### WHAT YOU WILL DO
A verbatim copy is needed of the lines below from the one containing "EPOCH Laugh Factory" up to and including the one containing "당사의 재무 안정성 비율에서는", excluding pictures.

### RECORDED DATA
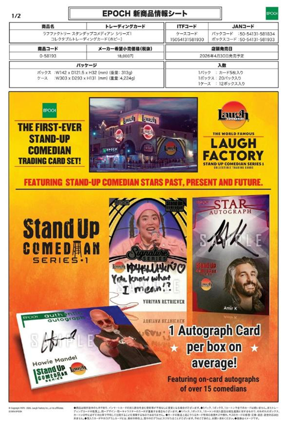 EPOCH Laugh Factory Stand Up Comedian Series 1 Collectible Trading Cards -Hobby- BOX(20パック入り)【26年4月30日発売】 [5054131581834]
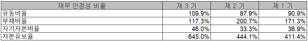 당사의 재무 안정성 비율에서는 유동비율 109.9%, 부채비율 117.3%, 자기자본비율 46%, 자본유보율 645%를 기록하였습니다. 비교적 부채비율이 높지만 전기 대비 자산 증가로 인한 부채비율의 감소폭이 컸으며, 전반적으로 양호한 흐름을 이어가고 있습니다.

---

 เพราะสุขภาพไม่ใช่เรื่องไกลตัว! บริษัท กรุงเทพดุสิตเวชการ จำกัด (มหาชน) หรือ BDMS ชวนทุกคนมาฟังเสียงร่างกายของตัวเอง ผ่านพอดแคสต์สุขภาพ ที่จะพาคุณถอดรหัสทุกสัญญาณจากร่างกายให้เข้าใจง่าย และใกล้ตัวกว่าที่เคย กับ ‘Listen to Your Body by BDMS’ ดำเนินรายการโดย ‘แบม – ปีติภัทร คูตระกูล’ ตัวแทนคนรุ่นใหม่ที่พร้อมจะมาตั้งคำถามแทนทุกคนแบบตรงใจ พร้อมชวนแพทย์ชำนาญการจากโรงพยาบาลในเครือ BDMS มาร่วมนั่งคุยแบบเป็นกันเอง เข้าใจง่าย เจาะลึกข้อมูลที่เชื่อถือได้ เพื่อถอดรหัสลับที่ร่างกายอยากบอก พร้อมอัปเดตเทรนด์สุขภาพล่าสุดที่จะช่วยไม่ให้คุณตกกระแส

### ANSWER
 EPOCH Laugh Factory Stand Up Comedian Series 1 Collectible Trading Cards -Hobby- BOX(20パック入り)【26年4月30日発売】 [5054131581834]
 당사의 재무 안정성 비율에서는 유동비율 109.9%, 부채비율 117.3%, 자기자본비율 46%, 자본유보율 645%를 기록하였습니다. 비교적 부채비율이 높지만 전기 대비 자산 증가로 인한 부채비율의 감소폭이 컸으며, 전반적으로 양호한 흐름을 이어가고 있습니다.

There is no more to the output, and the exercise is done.